About feature testing and the new website design

  • We regularly test new features on our new site, as a result a number of functions and features may not perform exactly as expected for a short while.
  • Registration for this site is entirely optional and all resources are freely available as normal.

The New Look ArchSearch

ADS holdings are split between ‘monument inventories’ and ‘archives’ and this division is now more explicit on the ADS website with separate search mechanisms for each, which should make finding a particular archive collection, on say Stonehenge, easier to find without having to wade through numerous monument inventory entries on Stonehenge if they are not what you are after. The archives themselves have been classified into a number of categories such as subject, programme and region. This is where the faceted classification system comes into it’s own. When looking for a particular region, for example South East England, a couple of mouse clicks will constrain the archive search to that area, additionally clicking on a subject area, for example Environmental, and the search is further constrained, in this case to the 14 archives we hold on environmental topics in the South East of England. The results themselves can then be ordered alphabetically by title or chronologically on the year of their release.

For the ArchSearch faceted classification system's first iteration we have decided to stick with our old friends, where, what and when. In this new interface users can click onto facets relating to what a monument is (based on the Thesaurus of Monument types), where it is (based on the current County District Parish list) and when it relates to (based on the MIDAS period types). What this means is that with a small number of clicks the 1,000,000 or so available records can be narrowed down very quickly to quite specific searches with manageable results sets. In one example, with only three selections: Castle; Conwy; Medieval the results set goes from 1,000,000 to seven records from two different data sources.

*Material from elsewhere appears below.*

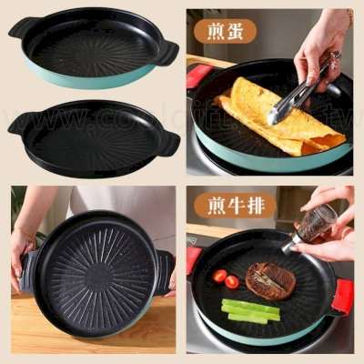 尺寸:約35.5cm(含握把)、盤徑約28xH4cm±5%(厚度約1.2cm) 材質:麥飯石塗層精鐵、防燙手把-矽膠、油刷-塑膠+矽膠、夾子-不鏽鋼 顏色:薄荷綠、原色黑 包裝:提盒 特性: 1.適用於電磁爐、陶瓷爐、瓦斯爐、電爐 2.附贈防燙手把、油刷、夾子及收納袋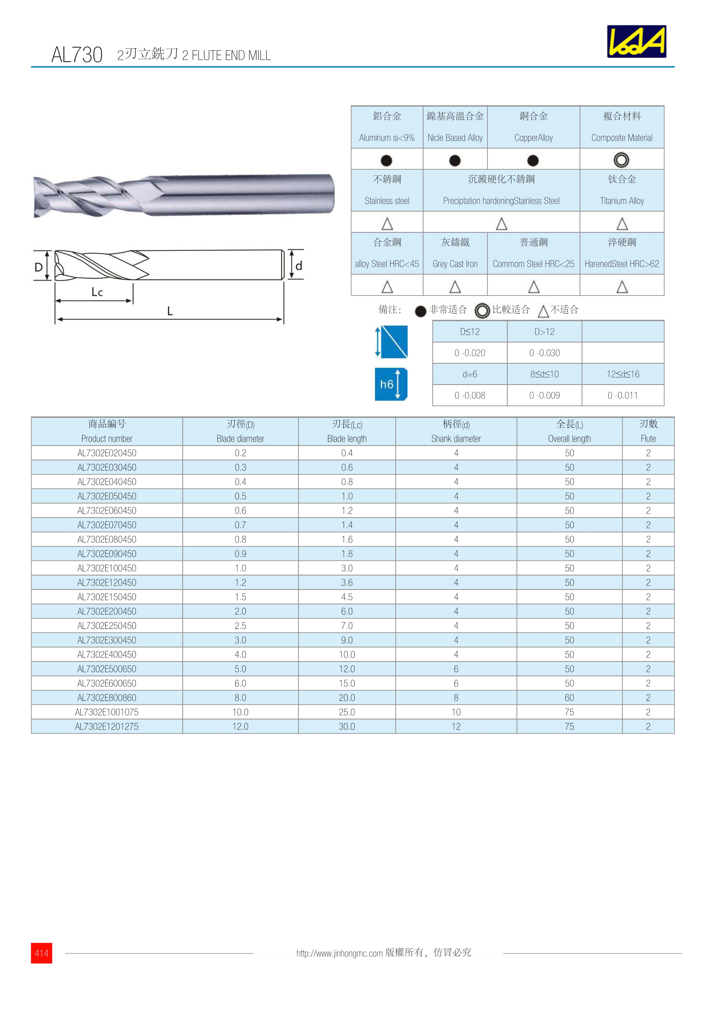 | 商品編號 Product number | 刃徑(D) Blade diameter | 刃長(Lc) Blade length | 柄徑(d) Shank diameter | 全長(L) Overall length | 刃數 Flute |

If you know exactly what part of the country you are interested in the new ArchSearch also features an interactive mapping pane that both allows the selection of a particular area of interest and displays results.

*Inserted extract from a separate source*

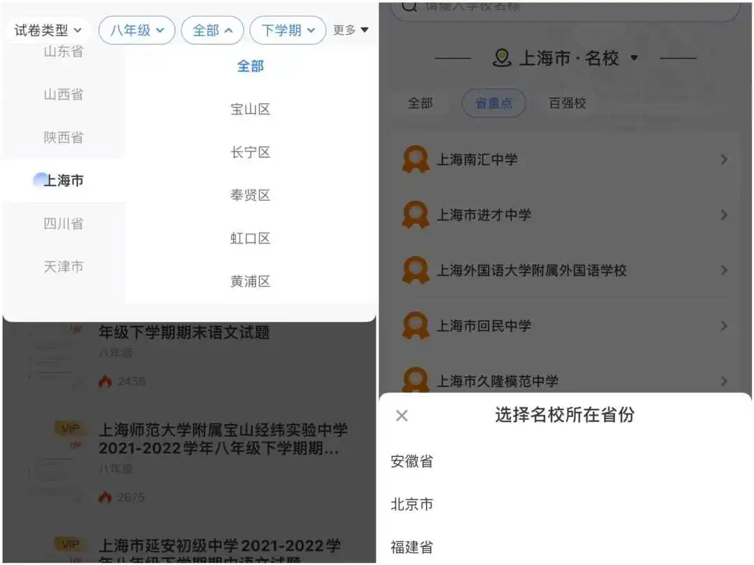 试卷资源,覆盖了31个省,比如,光北京就有1.2万份试卷,上海1万份,广州7k份……

It should be noted that not all the original records have such specific data attached to them on every facet and it goes without saying that if you prefer the straightforward search box approach this will still work and will still return the results you are looking for. In fact the first page of ArchSearch is the traditional search box, additional features such as browsing and mapping can be accessed via the tall vertical buttons, or blades.

The new ArchSearch interface also features an advanced search and an experimental ‘External’ search. The external search takes the query constructed in the browser and map and sends it off to externally hosted resources i.e. online monument inventories that are searchable via a web service. This section also includes links to two other search interfaces intended to extend your search across national boundaries, across European partners in the case of ARENA II and across the Atlantic Ocean in the case of TAG.

The procedures developed at the ADS for assigning facets, including relating coordinate positions for monuments to counties, districts and parishes have been quite complex. They have involved, amongst other things, the use of Natural Language Processing and queries using Oracle Spatial. As a result we believe we have created a very powerful search tool, however it is one that may require a little experimentation to become familiar with.